Nel programma originale del Movimento 5 Stelle il tema trasporti è stato declinato essenzialmente in termini di sostenibilità ambientale, ma all’inizio questo approccio si traduceva in una opposizione alla strategia berlusconiana delle Grandi Opere, considerate aggressive nei confronti dell’ambiente.

Il Movimento non era favorevole a priori al trasporto ferroviario: la grande opera assunta come simbolo negativo era una ferrovia, la Torino-Lione. Beppe Grillo denunciava alcuni aspetti della logistica (“le patate che si lavano in Austria e si ri-importano sono un assurdo”) ed esaltava la democrazia partecipata delle proteste locali.
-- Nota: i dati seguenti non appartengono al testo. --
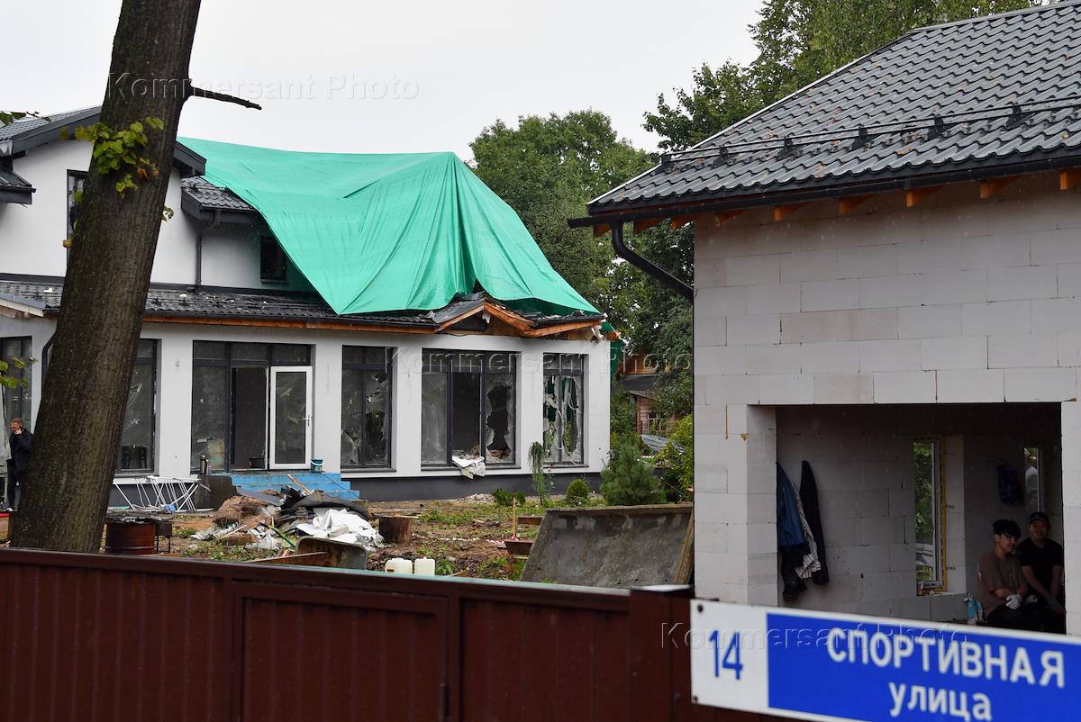 Последствия падения сбитого системами ПВО беспилотника (БПЛА) в жилой частный дом в квартале…

Questo disinteresse per gli aspetti funzionali del settore a favore di quelli socio-ambientali era coerente con la simpatia iniziale del Movimento per gli slogan di “decrescita felice” del filosofo francese Serge Latouche.

All’inizio del primo governo Conte questi approcci si sono tradotti in un programma di razionalizzazione delle politiche infrastrutturali, con il ricorso alle analisi costi-benefici (Acb)a supporto alle decisioni, promosso dall’allora ministro Danilo Toninelli. Lo aveva promesso anche il predecessore, Graziano Delrio (Pd) ma poi aveva definito “strategiche”, cioè non da analizzare, opere per 133 miliardi, cioè praticamente tutte.
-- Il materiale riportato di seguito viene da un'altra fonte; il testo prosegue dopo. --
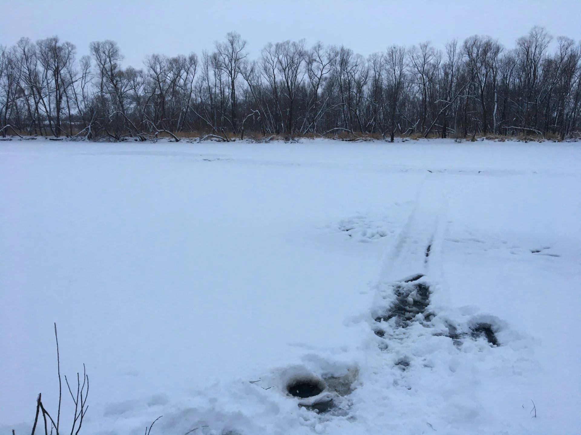 Attempted to go ice fishing. Saw tracks so thought the ice might be good. It’s been below zero with no snow for a solid week. Drilled a test hole by shore. 3.5”-4”. Then looked closer towards the middle of the pond.

Già dopo a pochi mesi dal successo elettorale, i sondaggi registravano un calo di consenso.

Forse come reazione, i Cinque stelle hanno presto cambiato linea sulle infrastrutture. Alla fine del 2018 i risultati negativi della Acb sulla linea alta velocità Milano-Genova (“Terzo valico”), pur in precedenza osteggiata dal Movimento, vengono capovolti e il governo dichiara che, contro l’evidenza, di giudicarli positivi. Identica sorte tocca all’alta velocità Brescia-Padova. Rimane, in quella fase, solo l’opposizione alla linea Torino-Lione (detta Tav).
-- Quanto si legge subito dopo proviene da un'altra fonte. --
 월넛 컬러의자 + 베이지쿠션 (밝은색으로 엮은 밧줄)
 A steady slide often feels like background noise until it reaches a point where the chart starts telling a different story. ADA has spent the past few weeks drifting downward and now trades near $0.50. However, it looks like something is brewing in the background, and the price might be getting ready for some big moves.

Il consenso tuttavia continua a scendere, arrivando a marzo 2019 al 21 per cento, senza che nessuno nei Cinque stelle si interroghi sul nesso tra la caduta di popolarità e il cambio di posizioni sulle Grandi Opere. Probabilmente il forte consenso del Movimento nel Mezzogiorno, più sensibile all’impatto economico delle grandi opere che alla tutela dell’ambiente, ha avuto un ruolo. Così come lo hanno avuto i media che evidenziano i benefici delle opere (che riguardano il territorio), e mai i costi (che riguardano tutti i contribuenti).

Senza più limiti 

La situazione precipita il 28 marzo 2019. Chi scrive, con un gruppo di altri quattro esperti, era stato incaricato delle analisi dei progetti, nell’intesa di un’operazione trasparente e non legata a preferenze politiche. Gli esiti non sarebbero stati vincolanti per le decisioni. Riguardo ai 12 miliardi da spendere per le ferrovie siciliane (destinate probabilmente a rimanere deserte), i Cinque stelle locali le avevano già classificate come “opere finalmente utili”, senza aspettare alcuna analisi. Il gruppo degli esperti indipendenti ha chiesto di ritirare questo consenso a priori, e Toninelli ha risposto che ”da oggi politicamente non posso dire di no più a nulla”.

I Cinque stelle avevano deciso di inseguire la Lega, che cresceva rapidamente in consensi, promettendo opere (cioè soldi pubblici) a tutti. Ma la perdita di consensi per il Movimento non si è arrestata.

Eppure i Cinque stelle non si sono mai interrogati sul fatto che questo ribaltamento di approccio potesse essere una delle fonti dei loro problemi Anzi.

Il premier Giuseppe Conte ha stabilito che si deve fare “l’alta velocità al Sud”, senza aver mai corredato di un numero – neppure sui costi – queste sue affermazioni. Eppure si tratta di costi elevatissimi, (per un’utenza prevedibile molto ridotta), e totalmente a carico delle casse pubbliche.

Poi il ministero dei trasporti si è accodato con il documento “Italia Veloce”, ma in modo estremamente vago e aperto a ogni soluzione (forse lì qualcuno ai numeri ha dato un occhio…).

Infine il decreto Semplificazioni, approvato in estate, ha tolto ogni dubbio: i Cinque stelle, con Matteo Renzi, tutta la destra, e ovviamente Confindustria, si sono battuti contro il Pd per usare al massimo il “modello Genova” che riduce o annulla le gare ad ogni livello, fino a sostituirle con affidamenti “a rotazione” (agli amici). Più grandi opere e meno concorrenza per i costruttori.

Il “partito del cemento” ha evidentemente acquisito un nuovo, convinto campione. Ora non c’è che da sperare che almeno l’Unione europea ci imponga severi vincoli sull’efficienza della spesa.